What you will do:
The data below should be printed in full, exactly, and without any of its images.
....................
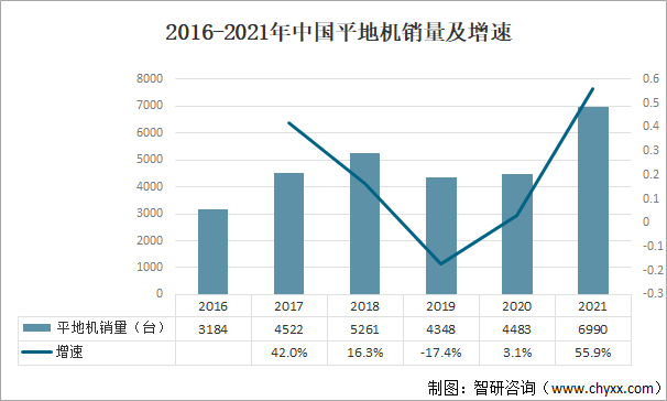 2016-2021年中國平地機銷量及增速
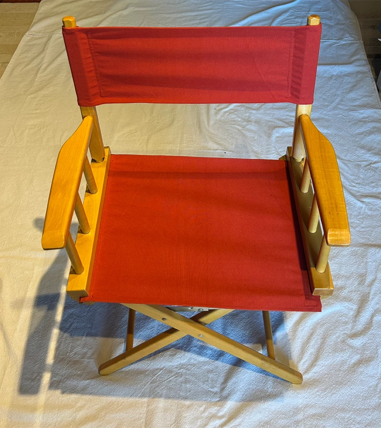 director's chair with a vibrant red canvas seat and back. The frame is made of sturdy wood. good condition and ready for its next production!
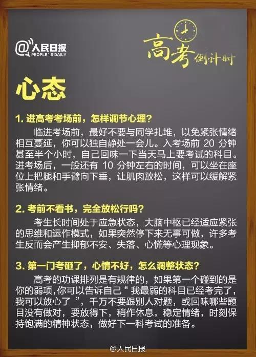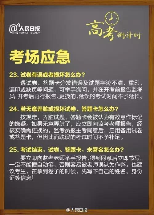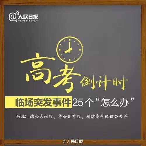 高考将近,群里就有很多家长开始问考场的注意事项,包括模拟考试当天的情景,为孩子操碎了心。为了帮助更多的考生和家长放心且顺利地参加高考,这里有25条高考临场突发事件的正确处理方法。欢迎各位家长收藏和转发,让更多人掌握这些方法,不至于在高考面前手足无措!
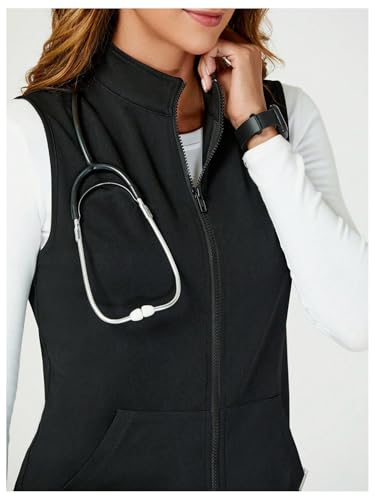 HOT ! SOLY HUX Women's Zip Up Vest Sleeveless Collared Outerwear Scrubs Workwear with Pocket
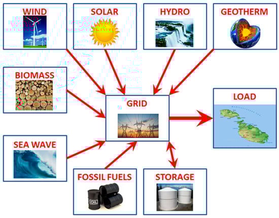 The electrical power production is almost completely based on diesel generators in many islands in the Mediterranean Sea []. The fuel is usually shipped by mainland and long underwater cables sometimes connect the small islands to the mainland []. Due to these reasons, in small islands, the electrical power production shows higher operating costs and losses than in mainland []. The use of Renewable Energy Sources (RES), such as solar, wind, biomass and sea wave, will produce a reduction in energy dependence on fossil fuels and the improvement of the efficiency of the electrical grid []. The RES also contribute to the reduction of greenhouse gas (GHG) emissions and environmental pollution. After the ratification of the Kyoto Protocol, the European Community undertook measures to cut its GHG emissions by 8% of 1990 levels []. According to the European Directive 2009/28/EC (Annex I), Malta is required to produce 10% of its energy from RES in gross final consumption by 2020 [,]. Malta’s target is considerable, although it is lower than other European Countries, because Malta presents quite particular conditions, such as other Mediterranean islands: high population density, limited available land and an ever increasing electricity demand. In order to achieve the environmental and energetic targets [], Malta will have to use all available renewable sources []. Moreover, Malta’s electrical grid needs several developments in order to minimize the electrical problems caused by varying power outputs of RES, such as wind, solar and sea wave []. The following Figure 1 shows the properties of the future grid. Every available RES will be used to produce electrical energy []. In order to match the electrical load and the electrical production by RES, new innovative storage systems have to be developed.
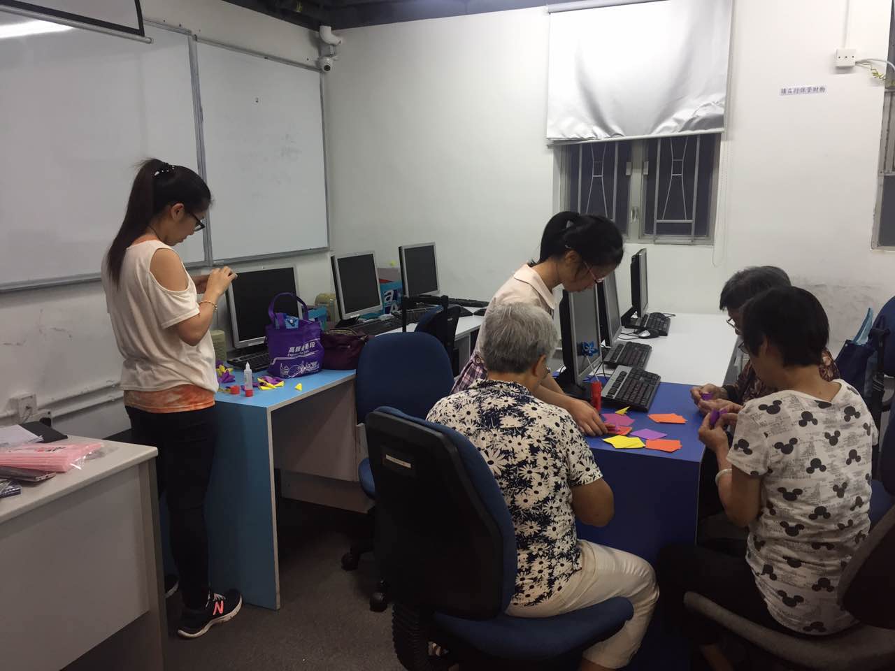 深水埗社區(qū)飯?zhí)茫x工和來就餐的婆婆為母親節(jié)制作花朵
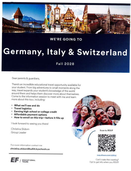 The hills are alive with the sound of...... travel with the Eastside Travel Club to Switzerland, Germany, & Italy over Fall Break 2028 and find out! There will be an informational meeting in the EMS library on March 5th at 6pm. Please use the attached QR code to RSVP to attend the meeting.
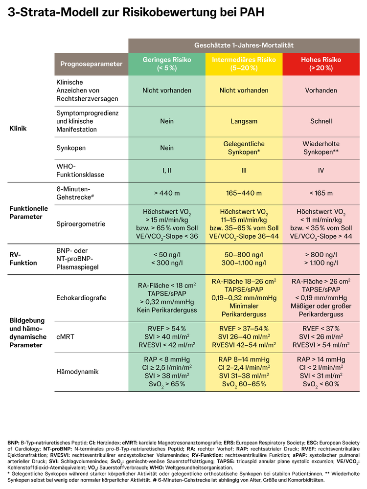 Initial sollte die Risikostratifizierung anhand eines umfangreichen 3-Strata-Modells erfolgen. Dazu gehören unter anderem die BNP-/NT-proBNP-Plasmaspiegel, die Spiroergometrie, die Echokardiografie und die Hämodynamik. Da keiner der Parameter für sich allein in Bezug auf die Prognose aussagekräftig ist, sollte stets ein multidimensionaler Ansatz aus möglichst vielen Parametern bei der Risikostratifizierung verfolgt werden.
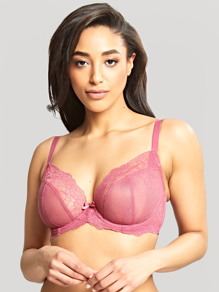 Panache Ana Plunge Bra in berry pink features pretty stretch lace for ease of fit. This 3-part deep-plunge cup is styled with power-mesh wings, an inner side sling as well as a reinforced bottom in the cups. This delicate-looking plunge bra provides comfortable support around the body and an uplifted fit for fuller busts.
....................
Response to this task:
 2016-2021年中國平地機銷量及增速
 director's chair with a vibrant red canvas seat and back. The frame is made of sturdy wood. good condition and ready for its next production!
 高考将近,群里就有很多家长开始问考场的注意事项,包括模拟考试当天的情景,为孩子操碎了心。为了帮助更多的考生和家长放心且顺利地参加高考,这里有25条高考临场突发事件的正确处理方法。欢迎各位家长收藏和转发,让更多人掌握这些方法,不至于在高考面前手足无措!
 HOT ! SOLY HUX Women's Zip Up Vest Sleeveless Collared Outerwear Scrubs Workwear with Pocket
 The electrical power production is almost completely based on diesel generators in many islands in the Mediterranean Sea []. The fuel is usually shipped by mainland and long underwater cables sometimes connect the small islands to the mainland []. Due to these reasons, in small islands, the electrical power production shows higher operating costs and losses than in mainland []. The use of Renewable Energy Sources (RES), such as solar, wind, biomass and sea wave, will produce a reduction in energy dependence on fossil fuels and the improvement of the efficiency of the electrical grid []. The RES also contribute to the reduction of greenhouse gas (GHG) emissions and environmental pollution. After the ratification of the Kyoto Protocol, the European Community undertook measures to cut its GHG emissions by 8% of 1990 levels []. According to the European Directive 2009/28/EC (Annex I), Malta is required to produce 10% of its energy from RES in gross final consumption by 2020 [,]. Malta’s target is considerable, although it is lower than other European Countries, because Malta presents quite particular conditions, such as other Mediterranean islands: high population density, limited available land and an ever increasing electricity demand. In order to achieve the environmental and energetic targets [], Malta will have to use all available renewable sources []. Moreover, Malta’s electrical grid needs several developments in order to minimize the electrical problems caused by varying power outputs of RES, such as wind, solar and sea wave []. The following Figure 1 shows the properties of the future grid. Every available RES will be used to produce electrical energy []. In order to match the electrical load and the electrical production by RES, new innovative storage systems have to be developed.
 深水埗社區(qū)飯?zhí)茫x工和來就餐的婆婆為母親節(jié)制作花朵
 The hills are alive with the sound of...... travel with the Eastside Travel Club to Switzerland, Germany, & Italy over Fall Break 2028 and find out! There will be an informational meeting in the EMS library on March 5th at 6pm. Please use the attached QR code to RSVP to attend the meeting.
 Initial sollte die Risikostratifizierung anhand eines umfangreichen 3-Strata-Modells erfolgen. Dazu gehören unter anderem die BNP-/NT-proBNP-Plasmaspiegel, die Spiroergometrie, die Echokardiografie und die Hämodynamik. Da keiner der Parameter für sich allein in Bezug auf die Prognose aussagekräftig ist, sollte stets ein multidimensionaler Ansatz aus möglichst vielen Parametern bei der Risikostratifizierung verfolgt werden.
 Panache Ana Plunge Bra in berry pink features pretty stretch lace for ease of fit. This 3-part deep-plunge cup is styled with power-mesh wings, an inner side sling as well as a reinforced bottom in the cups. This delicate-looking plunge bra provides comfortable support around the body and an uplifted fit for fuller busts.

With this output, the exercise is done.